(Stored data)
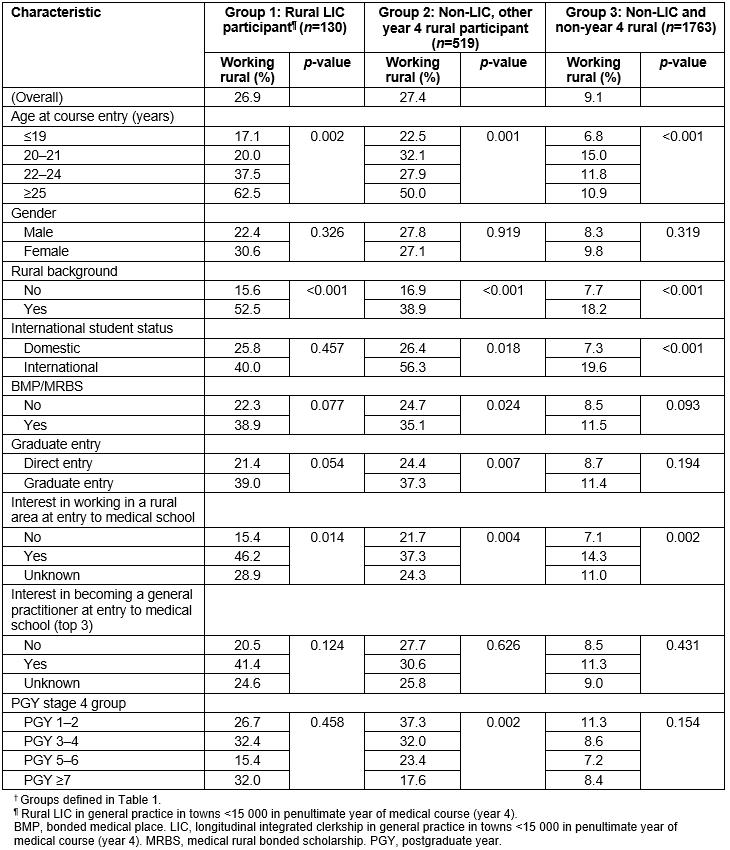 The overall rates of working rurally in 2017 were 26.9%, 27.4% and 9.1% respectively for the LIC, non-LIC for other year 4, and non-LIC and non-year 4 rural training groups (Table 3). Between each of these three groups rural background, initial rural interest and age at entry were significantly different (p<0.05).
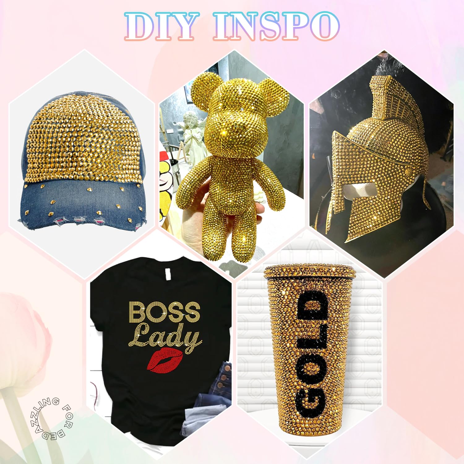 - PACKAGE CONTENT – This all-in-one bedazzler kit includes everything you need to start creating dazzling designs: 1 box of Gold rhinestones with 24 grids (approx. 30,000 pcs of bedazzling rhinestones assorted size SS6/10/16/20/30 ), 1 precision tweezers, 1 pickup pen for handling small gems, and 3 tubes of B7000 jewelry glue for secure application.
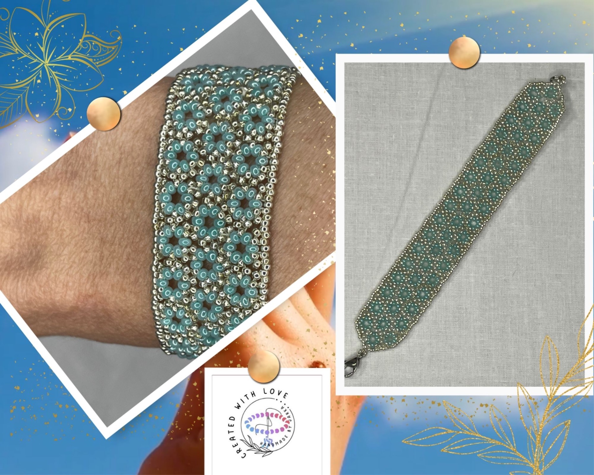 Precizní ruční práce je na tomto náramku vidět na první pohled - každý korálek má své přesné místo, každý kvítek je symetricky dokonalý. Výsledkem je šperk, který vypadá jako by byl vystřižen z krajkové látky, ale přitom má pevnost a trvanlivost korálkového tkaní.
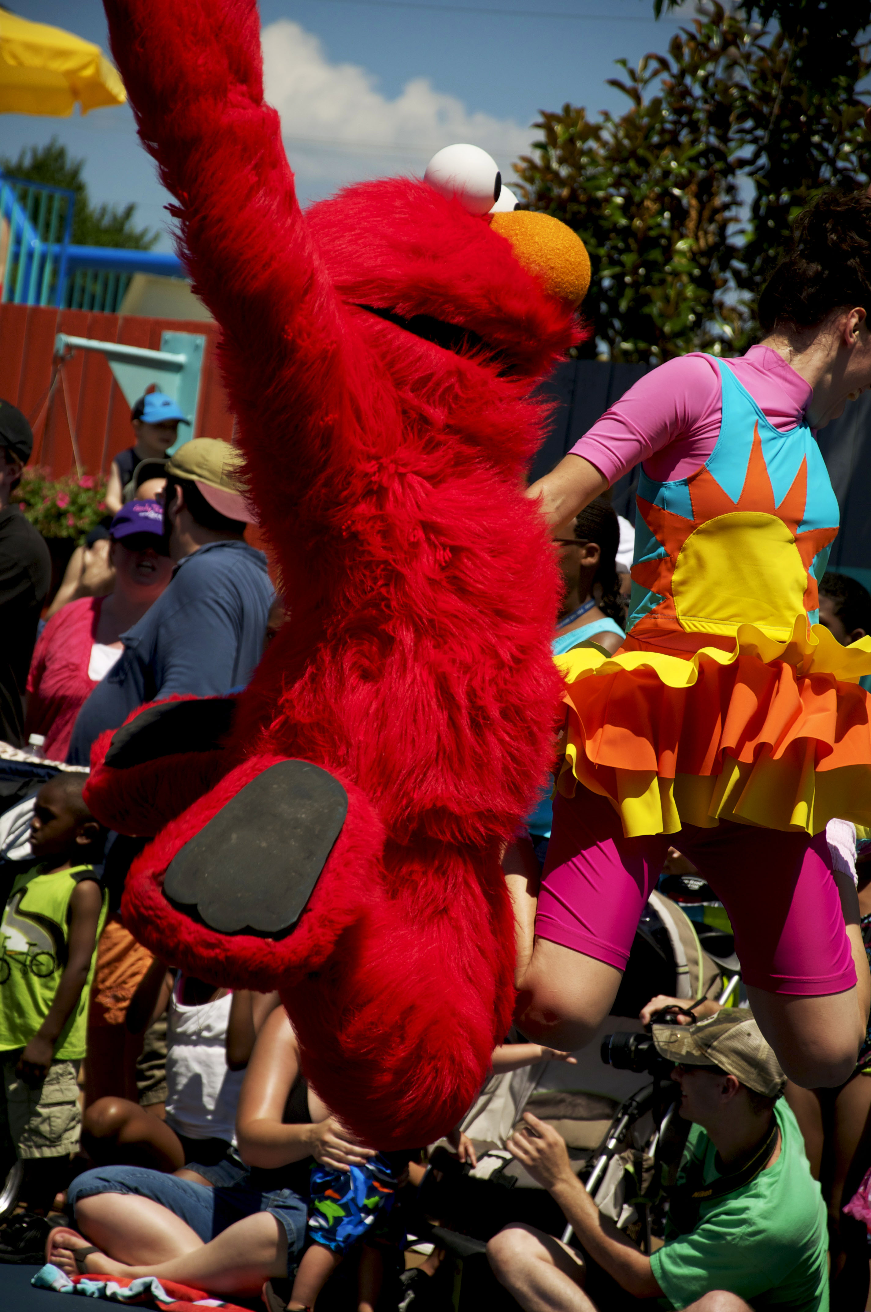 After that we went back to the pool to hang out a little while we waited for the Elmo Rocks show to start! It was a good thing we cooled off before the show, because that show was a lot of excitement for Miss A. She got a huge surprise when…
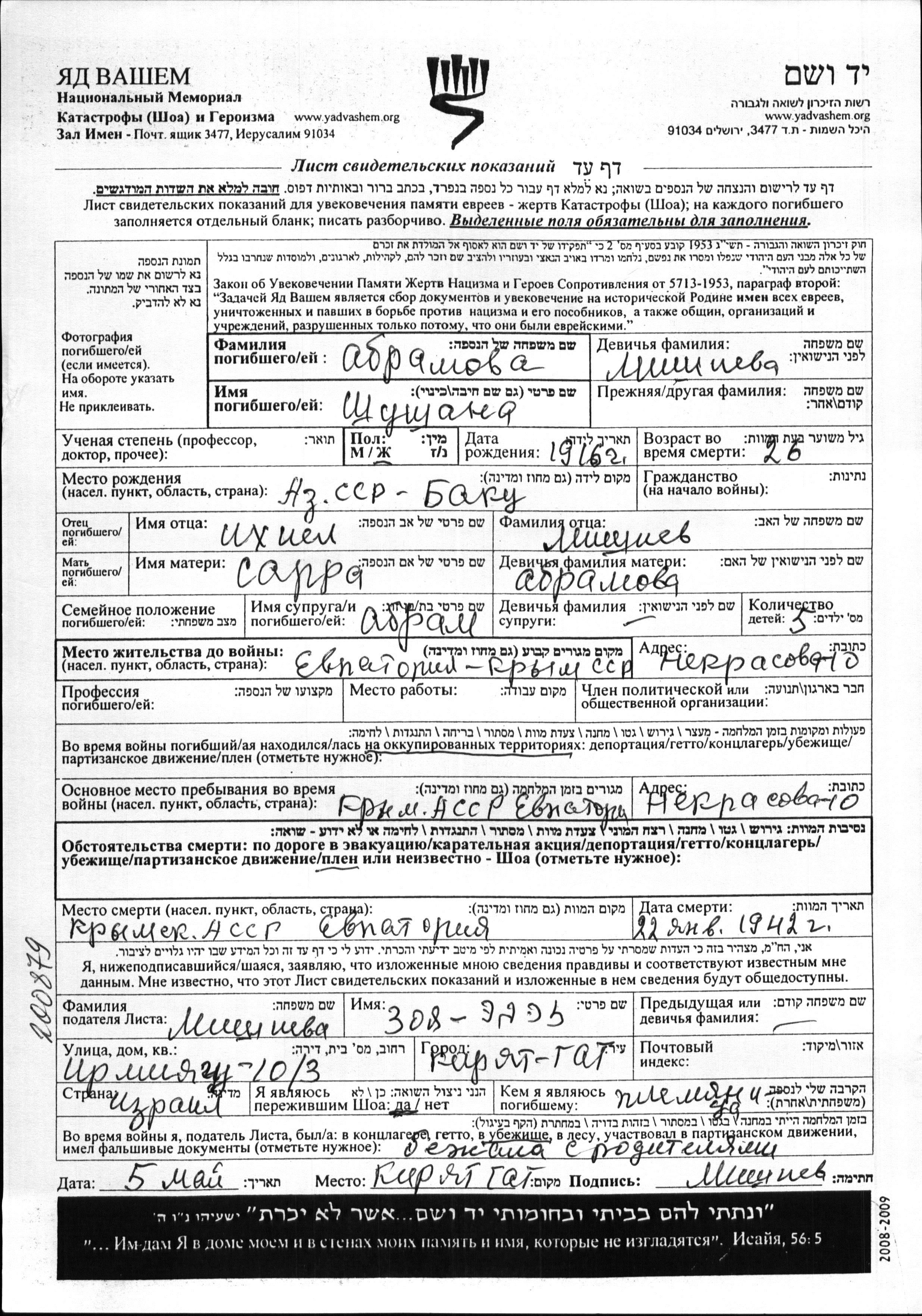 Shushana Abramova, geb. Mishiyeva wurde im Jahr 1916 in Baku, Aserbaidschan (UdSSR) geboren. Sie war die Tochter von Ikhiyel und Sarra. Sie war mit Abram Verheiratet. Vor dem Zweiten Weltkrieg lebte sie in Yevpatoriya, Russland (UdSSR). Während des Krieges war sie in Yevpatoriya, Russland (UdSSR).

# TASK INSTRUCTIONS:
What should be set down is every line from the opening of the records through the line that contains "- PACKAGE CONTENT", exactly, with pictures left out.

# ANSWER TO THE PROBLEM:
 The overall rates of working rurally in 2017 were 26.9%, 27.4% and 9.1% respectively for the LIC, non-LIC for other year 4, and non-LIC and non-year 4 rural training groups (Table 3). Between each of these three groups rural background, initial rural interest and age at entry were significantly different (p<0.05).
 - PACKAGE CONTENT – This all-in-one bedazzler kit includes everything you need to start creating dazzling designs: 1 box of Gold rhinestones with 24 grids (approx. 30,000 pcs of bedazzling rhinestones assorted size SS6/10/16/20/30 ), 1 precision tweezers, 1 pickup pen for handling small gems, and 3 tubes of B7000 jewelry glue for secure application.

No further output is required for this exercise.